注: 以下の翻訳の正確性は検証されていません。AIPを利用して英語版の原文から機械的に翻訳されたものです。
以下は、ライブデプロイメントに関するよくある質問です。ライブデプロイメントの作成と設定方法については、対応するドキュメントを参照してください。
リリースされた Python モデルにはデフォルトでどのような Conda パッケージ/環境が含まれますか?
デフォルトでは、Python モデルには foundry_ml
がデフォルトのパッケージとして含まれます。追加のパッケージを含めるには、サブミッション環境の設定に記載の手順に従ってください。
ライブへのリクエストで送信できるデータの最大量はどれくらいですか?
デフォルトでは、ライブは一度に最大 50MB のデータを受け入れます。この上限は設定可能です。詳細については、Palantir の担当者にお問い合わせください。
ライブデプロイメント用のモニターを作成できますか?
はい。ライブデプロイメントのアップタイムは、Data Health アプリケーションの監視ビューを通じて監視できます。
環境のカスタマイズの一部として、プライベートライブラリに加えてパブリックライブラリを含めることはできますか?
サブミッション環境にプライベートおよびパブリックライブラリをインポートすることができます。
インスタンス上でライブデプロイメントを作成できるユーザーを制限できますか?
はい。ライブデプロイメントの作成機能は、バッチデプロイメントの作成機能とは別に許可設定ができます。Palantir の担当者に相談してください。
Python モデルをスケールアップできますか?
はい、Foundry は現在、Palantir のコンテナインフラストラクチャ内でデプロイされた際にトラフィックのスケーリングを提供しています。
デフォルトでは、各デプロイメントは 2 つのレプリカで構成されており、アップグレード中にダウンタイムが発生しないようになっています。デフォルトの CPU とメモリの使用量も低く、低いデフォルトのコストプロファイルが得られます。

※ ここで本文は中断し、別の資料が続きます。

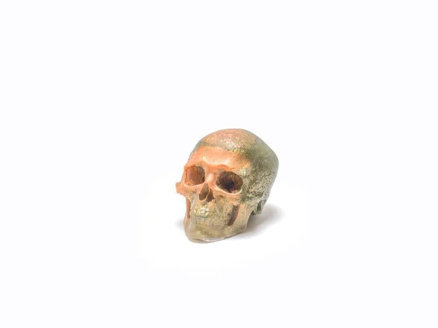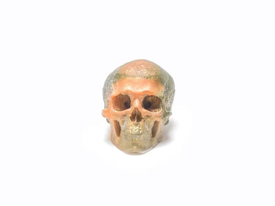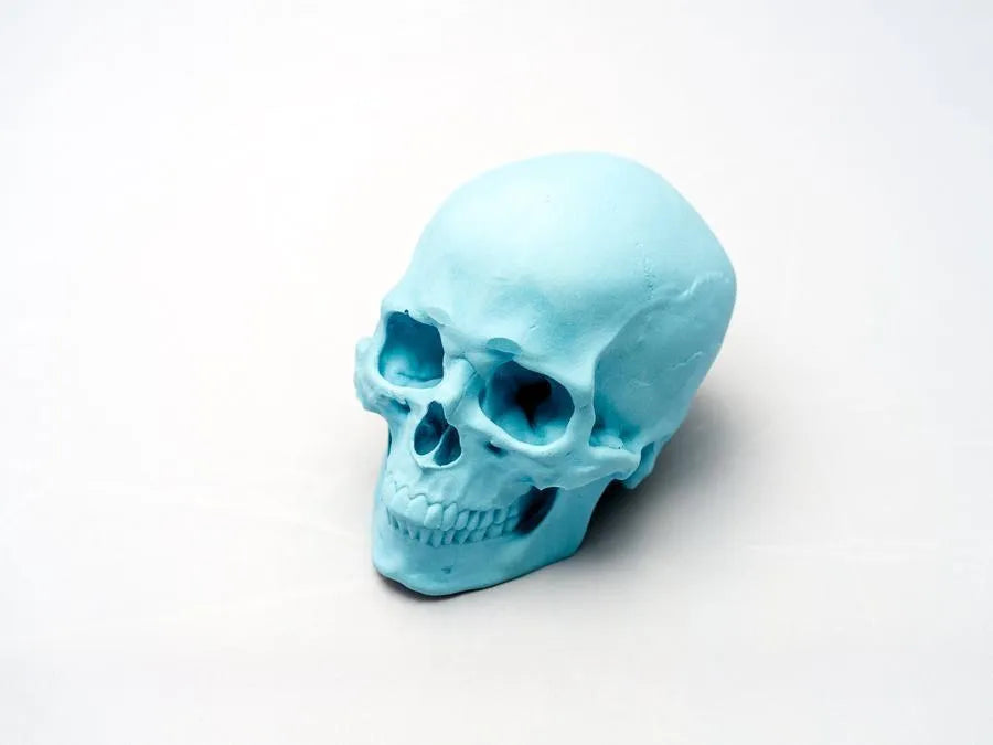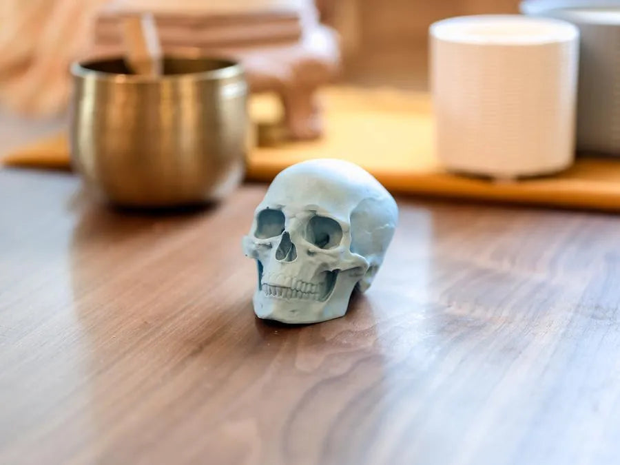 Embrace the profound concept of impermanence with our striking Skull Sculpture, meticulously handcrafted from high-quality resin. Standing at 4 inches tall, this unique piece serves as a powerful reminder of the transient nature of life, blending artistry with deep philosophical significance. Crafted by the skilled residents and volunteers at Sangha House, each skull is carefully molded and finished, ensuring a one-of-a-kind piece that reflects both precision and creativity. The vibrant blue color adds a modern touch to the traditional symbolism, making it a captivating addition to any home, office, or meditation space. Features: Handcrafted Quality: Each skull is handmade with attention to detail, showcasing the dedication and craftsmanship of its creators. High-Quality Resin: Made from durable, high-quality resin that ensures longevity while maintaining a smooth, polished finish. Symbolic Design: The skull represents impermanence, reminding us of the fleeting nature of life and the importance of living mindfully. Vibrant Colors: The striking hues adds a contemporary flair, making it a standout piece in any decor setting. Perfect Size: At 4 inches tall, this sculpture is the ideal size for display on desks, shelves, altars, or as a unique decorative piece. Dimensions: Height: 4 inches Width: 2 inches Depth: 3 inches Care Instructions: Cleaning: Wipe with a soft, dry cloth to keep the sculpture looking its best. Avoid using harsh chemicals or abrasive materials. Placement: Place in a dry area, away from direct sunlight to preserve its color and finish. Meaning and Use: Meditative Focus: Use the Blue Skull Sculpture as a focal point during meditation to contemplate the nature of impermanence and the importance of living in the present moment. Decorative Accent: Enhance your home or workspace with this meaningful and aesthetically pleasing piece, sparking conversations and reflections on life's transient beauty. Thoughtful Gift: Share the profound message of impermanence with friends and loved ones by gifting this unique sculpture, perfect for those who appreciate mindful living and philosophical depth. By choosing our Skull Sculpture, you not only bring a piece of meaningful art into your life but also support the artisans at Sangha House. Each purchase helps fund recovery and mindfulness programs, fostering healing and holistic living in our community.
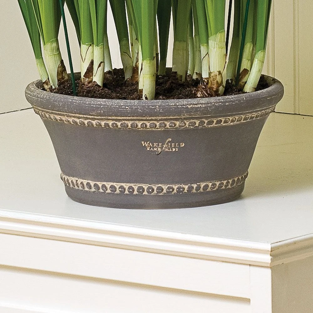 The broad, shallow Wrenthorpe Pancheon bowl looks stunning filled with Paperwhite Narcissus bulbs. We are also fond of it for showing off summertime displays of Caladiums and Begonias. Crafted with a rounded rim and 2 bands of pearl-like patterning. No drainage hole.
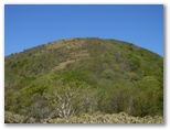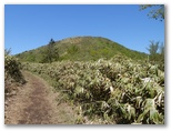 高い樹木がなくなると、スズタケの世界になりました。行く手の竜ヶ岳がふっくら、巨大な饅頭になっています。山体が球面なので、視線が山頂に届くには、理論上山頂付近まで行かねばなりません。明るい登山道には、ヒメハギ、ニガイチゴ、キスミレなどが咲いていました。振り返ると、富士山に加えて、御坂山塊が立体感も豊かに峰々を連ね、あとは一面の樹海。あそこに迷い込んだらどうなるのでしょうか?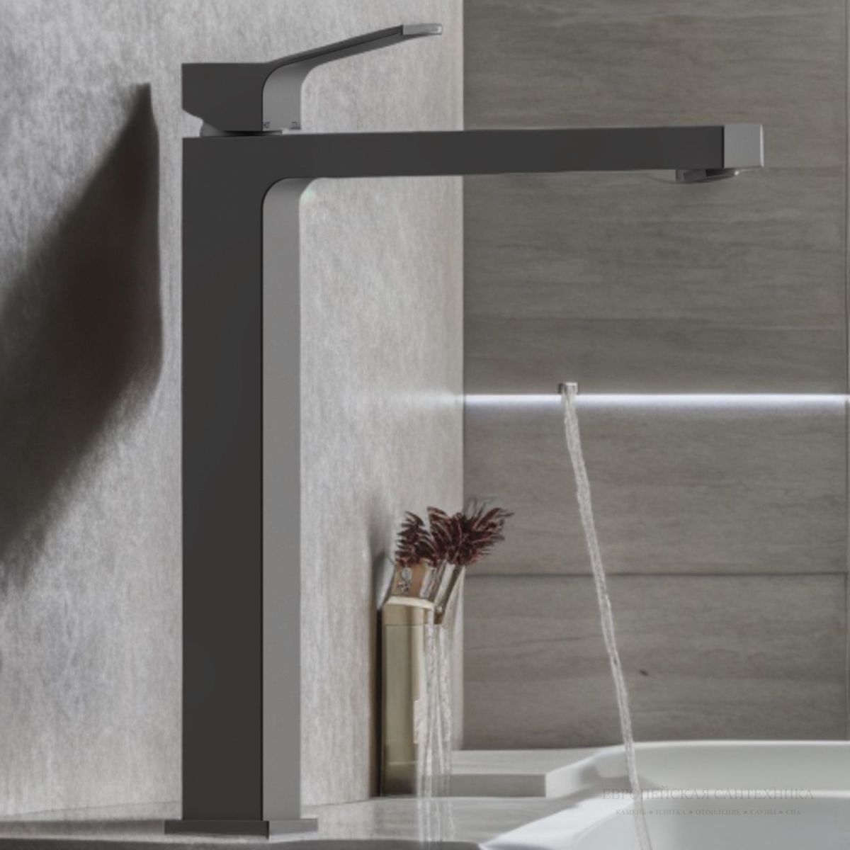 Bossini Aki-T смеситель для раковины, высокий, донный клапан Click-Clack, цвет Matt Black.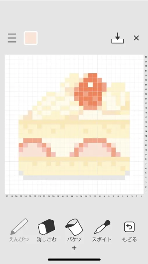 ○ペン/消しゴム/バケツ/スポイト/アンドゥ機能があります。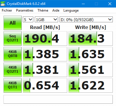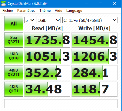 Du côté des performances disque c’est également du très bon. Le SSD NVMe nous propose de très bonnes performances en lecture et écriture, un démarrage très rapide et une utilisation multimédia fluide, il est principalement destiné pour l’installation de logiciel et du système d’exploitation. Le disque dur possède une vitesse de rotation de 7200 tr/mn permettant une utilisation confortable de celui-ci. On retrouve, par conséquent, de bons résultats dans les benchmarks.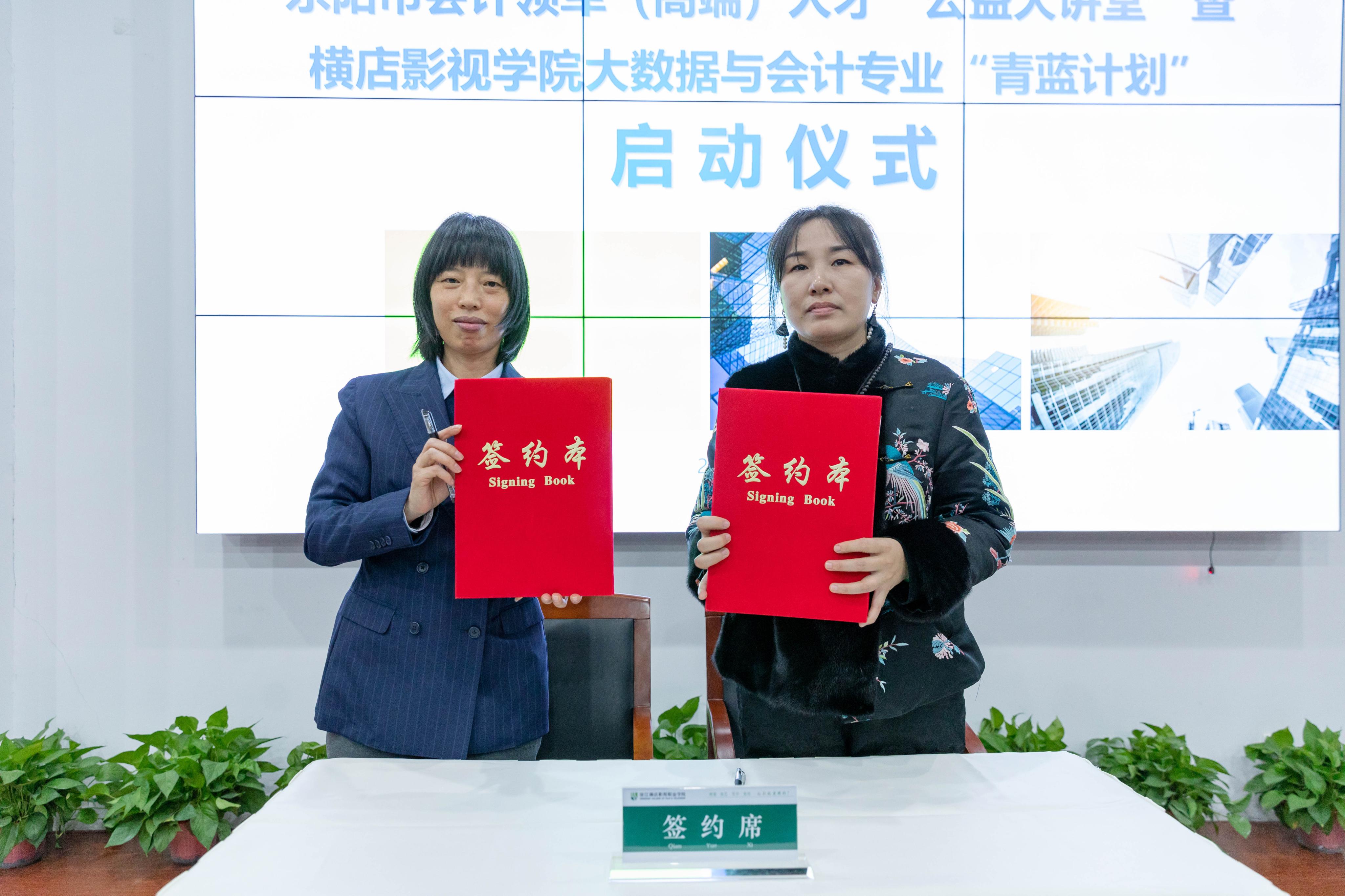 签约仪式,由横店集团控股有限公司财务总监陈慧珍和横店影视学院影视经济学院院长何婷婷共同签署合作协议。签约仪式的顺利进行标志着“公益大讲堂”和“青蓝计划”的正式启动,为进一步加强校企合作、促进人才培养和产业发展奠定了坚实基础。

これは、個別のデプロイメントに対して上書き設定が可能です。これにより、大規模なモデルや予想される負荷が高い場合に対応できます。また、デフォルトのプロファイルは、コントロールパネルを通じてすべてのライブデプロイメントに対して上書き設定することができます。
Python モデルを GPU で実行できますか?
はい。ただし、現在はベータ機能です。詳細については、Palantir の担当者にお問い合わせください。
デプロイメントをオフにしてコストの発生を停止できますか?
はい、ライブデプロイメントを無効にすることができます。これは、個別のデプロイメントページから行えます。
再び使用する準備ができたら、UI から再度有効化することもできます。ただし、再度有効化した後、デプロイメントは最新のリリースにアップグレードされます。
また、デプロイメントを削除することもできます。ただし、この操作は元に戻すことができず、同じ Target RID を維持することはできません。
Foundry ML Python モデルは外部 API にアクセスできますか?
はい。ただし、デフォルトでは有効になっていません。ネットワークイグレスを有効にし、ライブデプロイメントの設定を行うには、コントロールパネルで有効にし、設定する必要があります。
ライブデプロイメントリクエスト中にタイムアウトが発生しますか?
デフォルトのダイアログリードタイムアウトにより、5分間のタイムアウトが発生します。推論は同期処理であるため、この制限があります。